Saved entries
▼

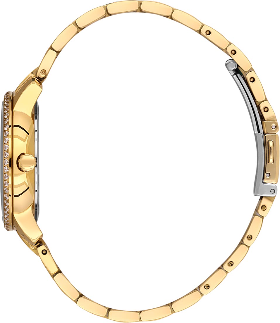 Кварцевые наручные женские часы. Круглый стальной корпус с полированной отделкой. Гильошированный циферблат украшен фирменным логотипом. Накладные метки в виде римской цифры XII и точек с кристаллами.
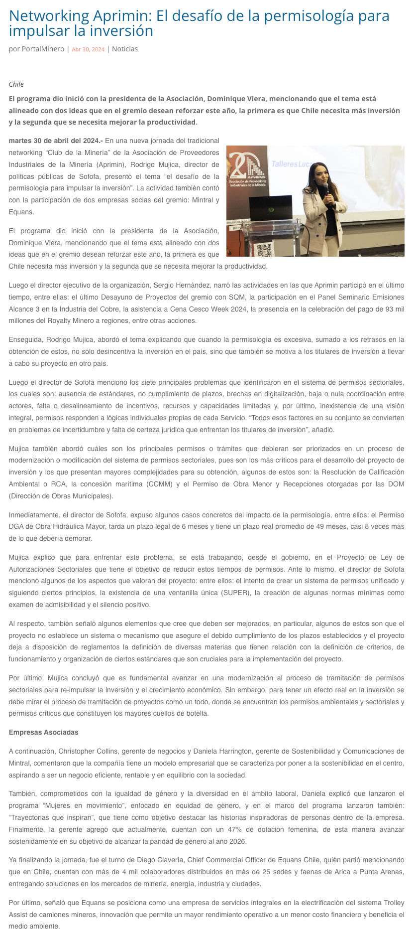 Networking Aprimin: El desafío de la permisología para impulsar la inversión - (tierramarillano.cl)
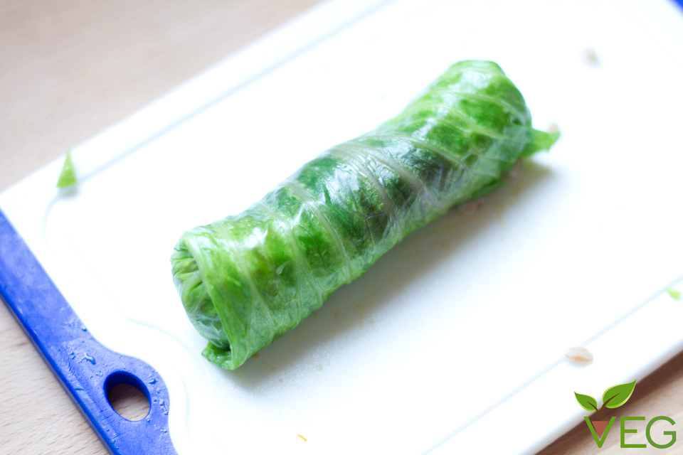 Mettete un cucchiaio di ripieno nella metà bassa di ogni foglia di verza, piegate su se stessa la foglia in modo da coprire il ripieno, ripiegate i lati destro e sinistro verso il centro e arrotolate dal basso verso l’alto.
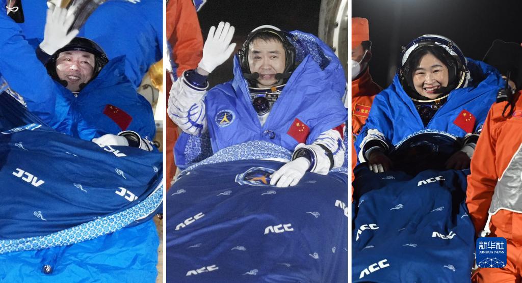 陳冬微笑著向人群揮手,他說(shuō):“6個(gè)月忙碌而又充實(shí)的太空之旅,很有幸見(jiàn)證了中國(guó)空間站基本構(gòu)型建成。我們像流星一樣回到祖國(guó)的懷抱,我為偉大祖國(guó)感到驕傲!
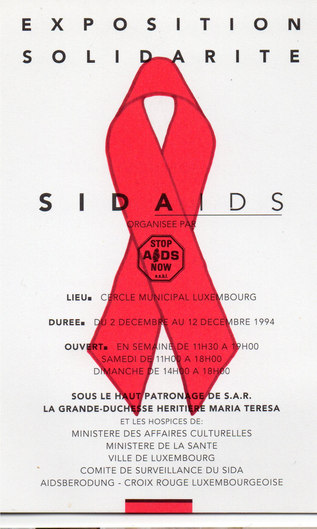 Henri überreicht uns ein paar Fotos, die im Dezember 1994 bei einer Ausstellung im Cercle Cité gemacht wurden. Diese Ausstellung unter dem Titel “Exposition Solidarité” war eine Kooperation von SAN und der Croix Rouge.
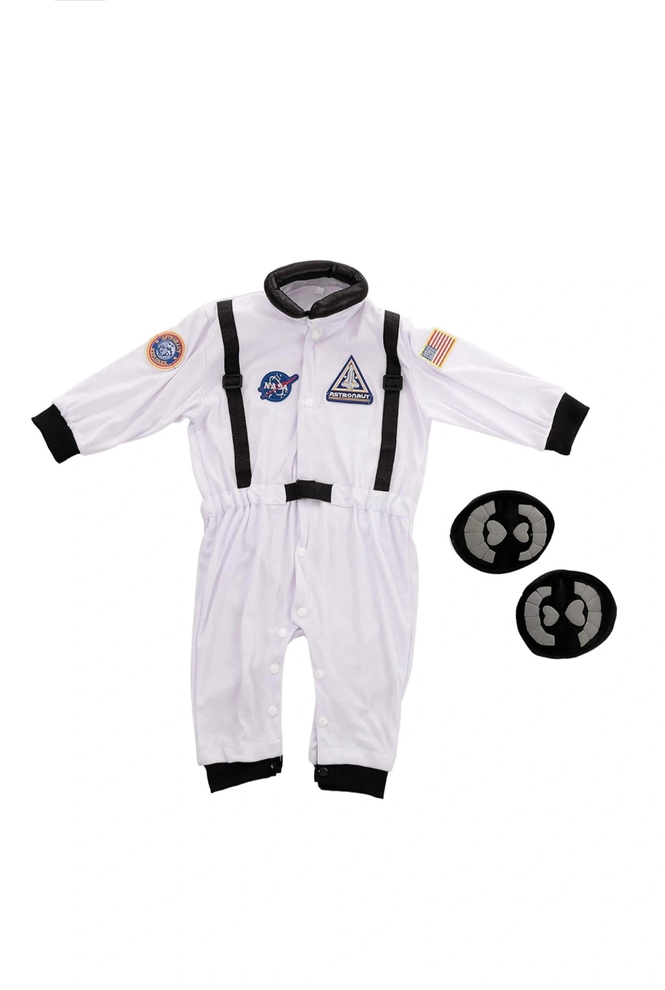 Get ready for liftoff with this adorable toddler astronaut costume! This white jumpsuit features NASA and astronaut patches, along with attached black straps for an authentic look.

▲

**Instructions to follow:** From the records above, transcribe exactly the lines starting at the one containing "Mettete un cucchiaio" and ending at the one containing "Henri überreicht uns". Skip the pictures.

**Output of the exercise:**
 Mettete un cucchiaio di ripieno nella metà bassa di ogni foglia di verza, piegate su se stessa la foglia in modo da coprire il ripieno, ripiegate i lati destro e sinistro verso il centro e arrotolate dal basso verso l’alto.
 陳冬微笑著向人群揮手,他說(shuō):“6個(gè)月忙碌而又充實(shí)的太空之旅,很有幸見(jiàn)證了中國(guó)空間站基本構(gòu)型建成。我們像流星一樣回到祖國(guó)的懷抱,我為偉大祖國(guó)感到驕傲!
 Henri überreicht uns ein paar Fotos, die im Dezember 1994 bei einer Ausstellung im Cercle Cité gemacht wurden. Diese Ausstellung unter dem Titel “Exposition Solidarité” war eine Kooperation von SAN und der Croix Rouge.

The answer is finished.